Star’s brother had encouraged her to continue to keep it cropped and she found that because it suited her to do so, she would not give a fig for what the gentlemen of the haute ton thought.

Star’s face was piquant and heart shaped, giving her a naughty pixie-like countenance. Her nose was small and pert, her lips, full and rosy. However, as she turned from the mirror in her brother’s room, she sighed heavily. She did not count herself a beauty, or notice the fact that she turned male heads wherever she went. She thought, in fact, that she might never meet her true love and told her brother, “I don’t know, Vern. Perhaps I was not

meant to fall in love and marry.”

He laughed and looked her over. “Well, Star, perhaps I was wrong. Perhaps you should grow your hair and wind it all around your head in curls. Indeed, you would be stunning with such a hairdo.”

She plopped on the bed beside him. “I am afraid that you see me out of brotherly eyes…I am far from stunning.” She peeped at him naughtily, “Why…I look like you.”

Her dark slightly almond shaped eyes, framed with dark thick lashes, laughed into the same dark eyes. He chuckled heartily, but that chuckle gave way to a fit of coughing.

Her spontaneous smile and infectious laughter vanished as she bent toward him on the bed and touched his shoulder. “Oh dear, Vern…you should be better by now.”
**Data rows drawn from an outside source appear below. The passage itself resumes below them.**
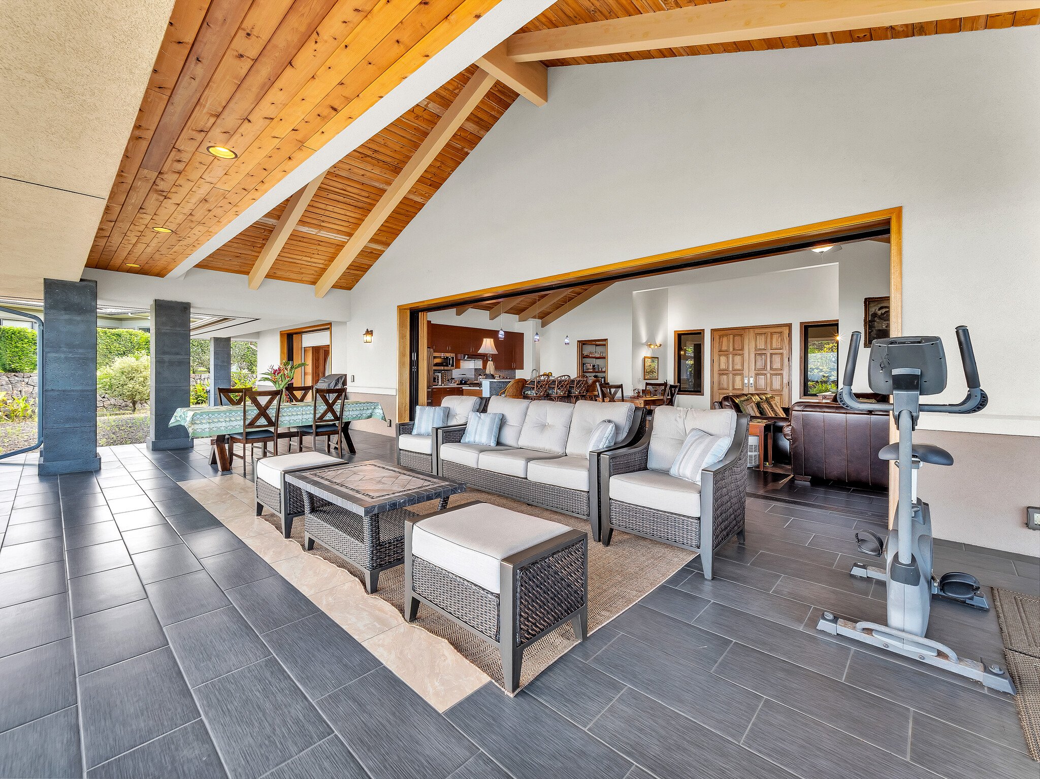 Welcome to this beautifully crafted single-level custom home in the exclusive 6-home subdivision of Lani Kai Estates. Enjoy sweeping panoramic ocean views stretching from Keauhou all the way past Honokōhau Harbor. This 3 bedroom, 2 bath residence offers thoughtful design and quality finishes throughout, including two-tone porcelain tile flooring, a spacious 3 car garage, and a seamless indoor-outdoor living flow. The kitchen is a chef’s dream, featuring quartz countertops, custom cabinetry, and a stylish glass tile backsplash. Benefit from energy savings and peace of mind with a fully owned solar system paired with a Tesla Powerwall.
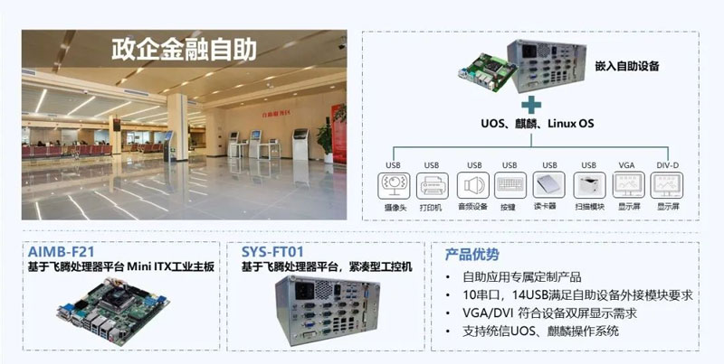 近期,研華國產(chǎn)芯產(chǎn)品系列新增重磅明星主板AIMB-F21,以飛騰FT-2000/4和D2000/8處理器為核心,具備高算力和豐富靈活的擴(kuò)展口,不論是金融自助設(shè)備、政務(wù)自助一體機(jī)、工業(yè)自動化、軌道交通自助設(shè)備還是公安系統(tǒng)等,AIMB-F21主板都能充分滿足需求,推動智慧城市全面高速發(fā)展。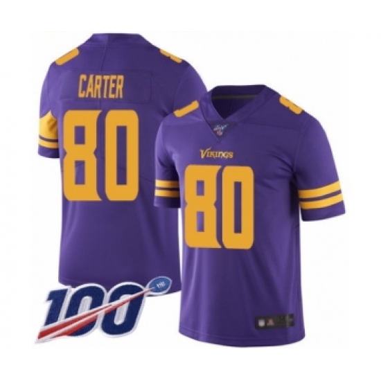 Men's Minnesota Vikings #80 Cris Carter Limited Purple Rush Vapor Untouchable 100th Season Football Jersey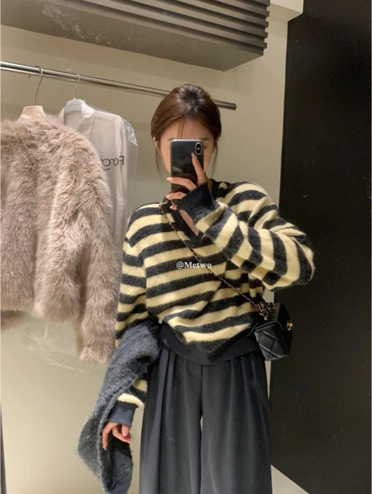 OfertaMETWO>毛條紋V領毛衣 1802#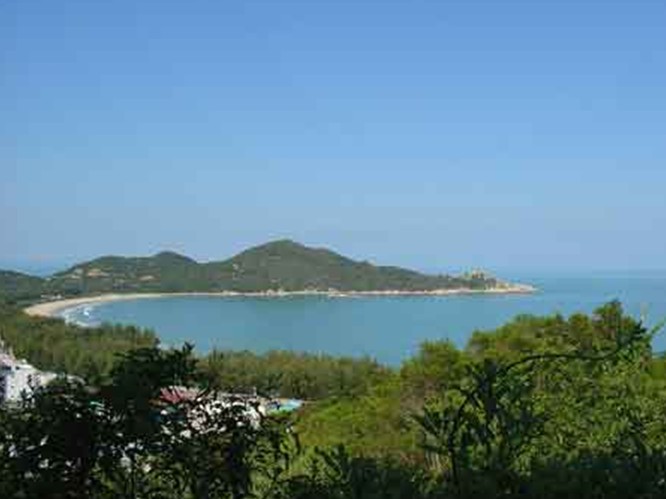 素有“東方夏威夷”之稱的青澳灣,海灣似新月,海面如平湖。金黃柔軟的沙灣綿延2400多米,坡度平緩,沙質潔凈,一直延伸至水下百米以外,無礁石無淤泥;海水無陵質無污染,潮漲潮落不改澄碧顏色;背倚險峻高山,山上奇石嶙峋;環(huán)抱海灣的是縱深百米的防風林帶,四季郁郁蔥,同晶瑩金黃的沙灣、湛藍透亮的海水,形成了分明的立體層次,是廣省兩個A級沐浴海灘之一。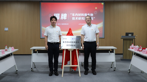 会议现场,浙江2007so太阳集团和上汽大众质量保证部实验室分别对企业发展情况及党建工作进行了介绍,随后签订了党建共建合作协议,并进行“车内材料微生物技术研究课题组”揭牌仪式。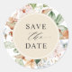 Save the Date envelope seal coordinating our "Earthy Blooms" save the date cards, with beautiful watercolor floral in a mixture of beige, dusty rose, blush, terracotta, rust, orange, green and a hint of blue hues. Delicate beige terracotta watercolor stains cascading behind floral detail. Centre in buttery beige showcasing "Save the Date" phrase in a mixture of modern calligraphy and block typography. Part of our "Earthy Blooms in Buttery Beige and Terracotta" collection, with a variety of coordinating save the date cards available.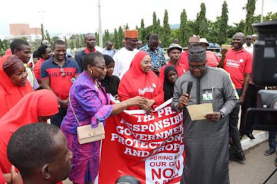 BBOG led by Oby Ezekwesili today stormed the Villa over rising incidence of Boko Haram and inability of FG to release the remaining abducted Chibok Girls.Addressing them,Senator Ojudu said...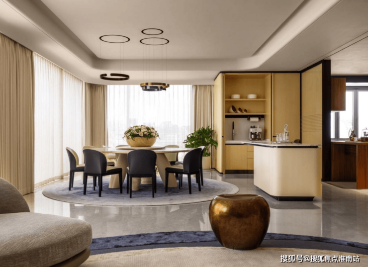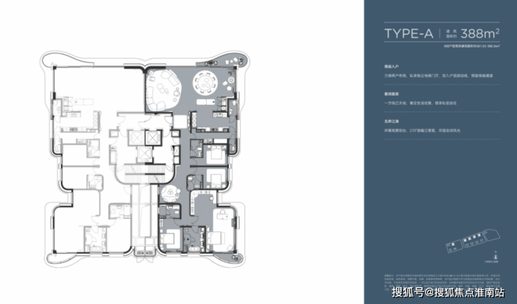 约388㎡一线江景大平层作为“藏品级”户型,约13米的惊人面宽冠绝上海,一些450㎡以上大户型,亦无如此阔绰尺度。客餐厅实际面积接近约100㎡,约3.5米轩朗层高,领先第四代住宅“国标”。南北双270°弧形转角环幕阳台,北望江景,南拥园景。3梯2户设计,双入户洄游动线,保姆动线与主人动线分离,顶豪该有的尊崇感被诠释得淋漓尽致。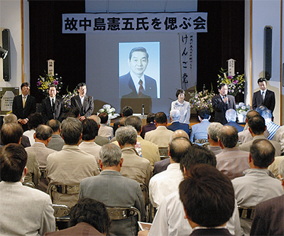 昨年4月に死去した元横浜市会議員、故中島憲五氏(享年63歳)を偲ぶ会が6月11日、JA横浜みなみ総合センターで開催された。泉区選出の横山、梶村、麓、源波の各市議、松本敏元市議、石井、松本の両県議が会派を超えて発起人となり、望月榮中田連合自治会長が実行委員長を務めた。

Her brother’s coughing subsided and he took a long gulp of air, looked her over with deep affection and said, “Star…and you shouldn’t be here looking after me. You should be in London…at routs and balls and…”

“Hush,” she admonished. “You take on too much to yourself. Why…that is neither here nor there. What do I care for such frivolities?”

“You can’t fool me, Star, besides it is what I promised Papa I would do for you.” He pulled a face. “I have made a mess of it.”

“Vern, you are only two years older than I. Papa was unable to pull us out of the mess he not you created. I loved him so dearly, but he shouldn’t have made you promise to do take on his burden. Matters were dire long before you inherited.”

He frowned and turned away from her to stare out the window. Star was worried. She got up and took the sponge out of the bowl of warm water touched with rose water she had brought up and began wiping his head and neck with its soothing application.